Professor Edward Witten

Elected: 2025

Area(s):

Specialist Subject(s):

Edward Witten has made profound contributions to contemporary physics, including supersymmetric and topological quantum field theory, string theory, M-theory, quantum gravity and quantum information theory.
He is the only physicist to receive the Fields Medal, the mathematical equivalent of the Nobel Prize.
In 1998, Witten found a three-dimensional formulation of the knot polynomial of Sir Vaughan Jones from a three-dimensional quantum field theory, developing topological quantum field theories and solving a problem posed by Sir Michael Atiyah.

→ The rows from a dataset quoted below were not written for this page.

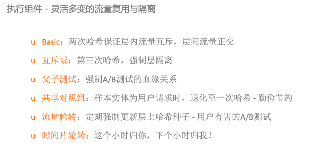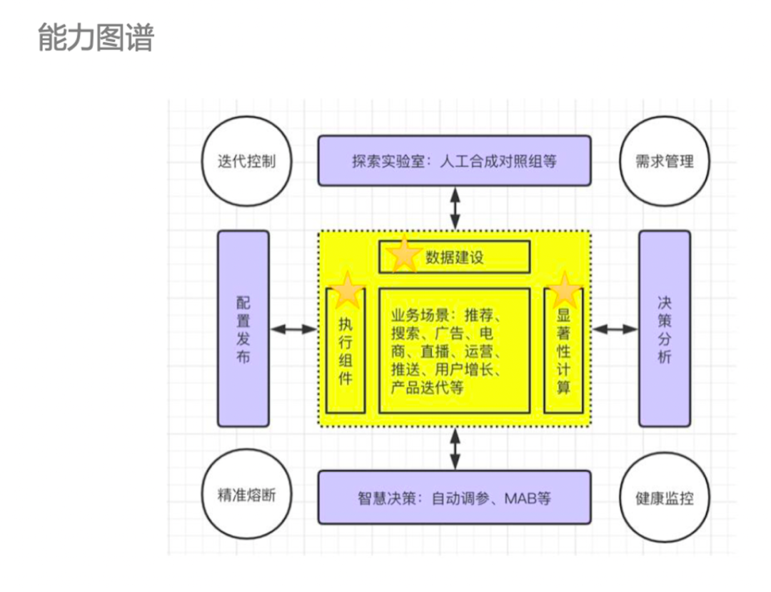 围绕着这个核心问题,我们需要三个基础环节的帮助,也就是黄色框中的三个长方形。- 第一个是执行组件,一个实验进行时,首先需要将准确的配置定向下发给准确的用户,也就是做好流量的配置发布。
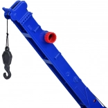 Das Auto ist mit einem Ausleger mit Seil und Haken ausgestattet, der das Heben von Gegenständen ermöglicht, sowie mit einem drehbaren Kranhäuschen für flexible Handhabung.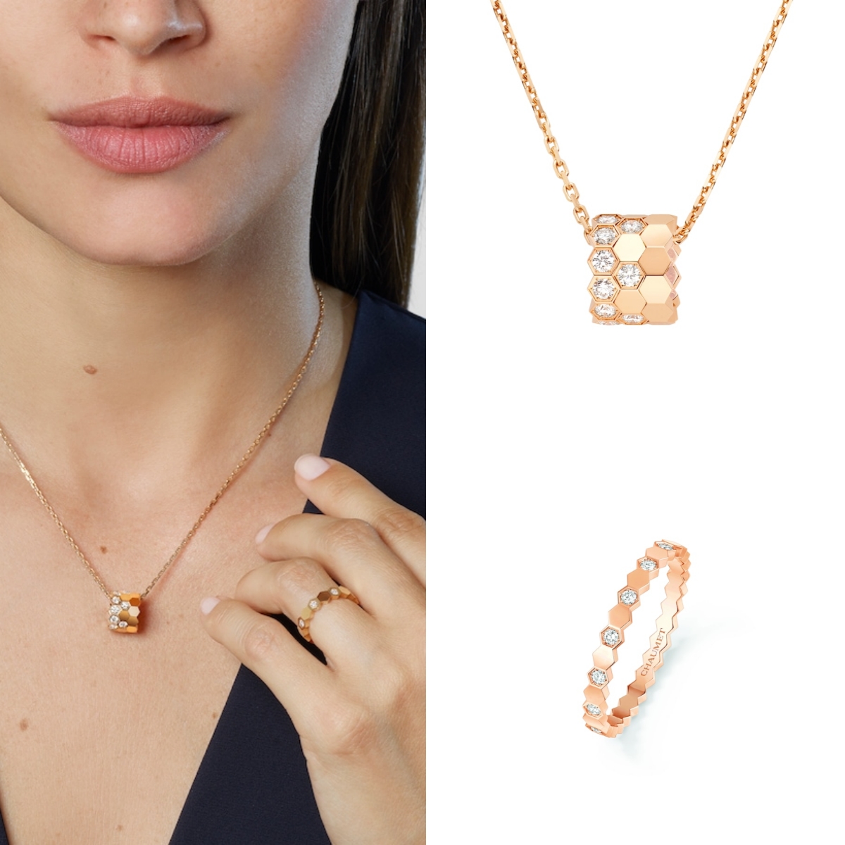 【ذهب عيار 18 مع علبة أصلية】طقم بي ماي لوف بالذهب الوردي: قلادة وخاتم، نموذج متوسط

This was presented at the Congress of Mathematical Physics held at Taliesin, Swansea, the morning after he had dinner with Atiyah and others at Annie’s Restaurant, where his ideas crystallised, and which has become folklore.
Witten is Professor Emeritus at the Institute for Advanced Study in Princeton.
His many awards include the Dirac Prize and Medal (1985), Fields Medal (1990), Crafoord Prize in Mathematics (2008), Institute of Physics Isaac Newton Medal (2010), Kyoto Prize (2014), Fellow of American Academy of Arts and Sciences (1984), National Academy of Sciences (1988), Foreign Member of the Royal Society (1999), Academy of Sciences of Paris (2000), Pontifical Academy of Sciences (2006), Honorary Fellow Royal Society of Edinburgh (2016), Honorary Member London Mathematical Society (2019).